:: PROVIDED MATERIAL
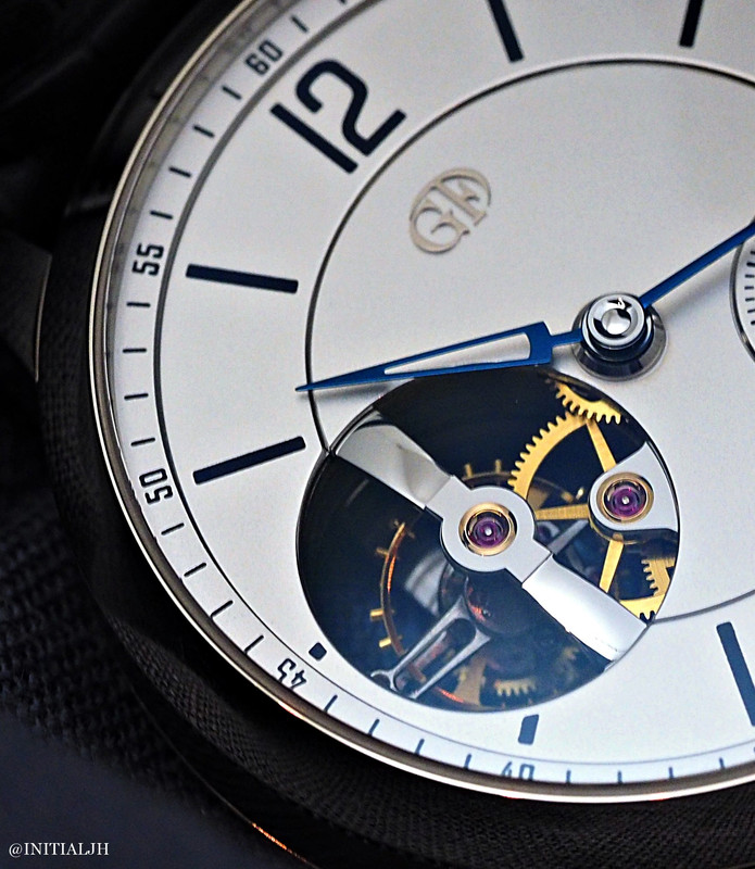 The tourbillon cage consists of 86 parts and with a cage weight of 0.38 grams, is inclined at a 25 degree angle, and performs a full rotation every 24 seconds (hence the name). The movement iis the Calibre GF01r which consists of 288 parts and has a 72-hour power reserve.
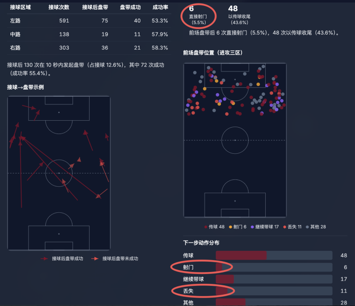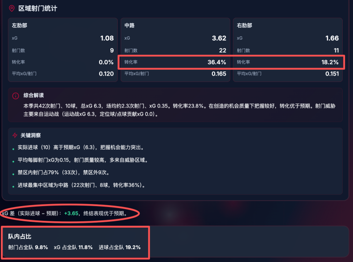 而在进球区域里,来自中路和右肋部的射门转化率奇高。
::::
:: PROVIDED MATERIAL
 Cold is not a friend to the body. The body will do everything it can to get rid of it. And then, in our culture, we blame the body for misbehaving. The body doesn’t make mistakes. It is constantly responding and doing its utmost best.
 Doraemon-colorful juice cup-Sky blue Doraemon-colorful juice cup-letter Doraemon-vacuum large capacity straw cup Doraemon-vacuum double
::::
## TASK PROMPT
Please make an exact copy of the lines above from the line with "Cold is not" through the line with "Doraemon-colorful juice cup-Sky", both ends included.

## OUTPUT FOR THIS TASK
 Cold is not a friend to the body. The body will do everything it can to get rid of it. And then, in our culture, we blame the body for misbehaving. The body doesn’t make mistakes. It is constantly responding and doing its utmost best.
 Doraemon-colorful juice cup-Sky blue Doraemon-colorful juice cup-letter Doraemon-vacuum large capacity straw cup Doraemon-vacuum double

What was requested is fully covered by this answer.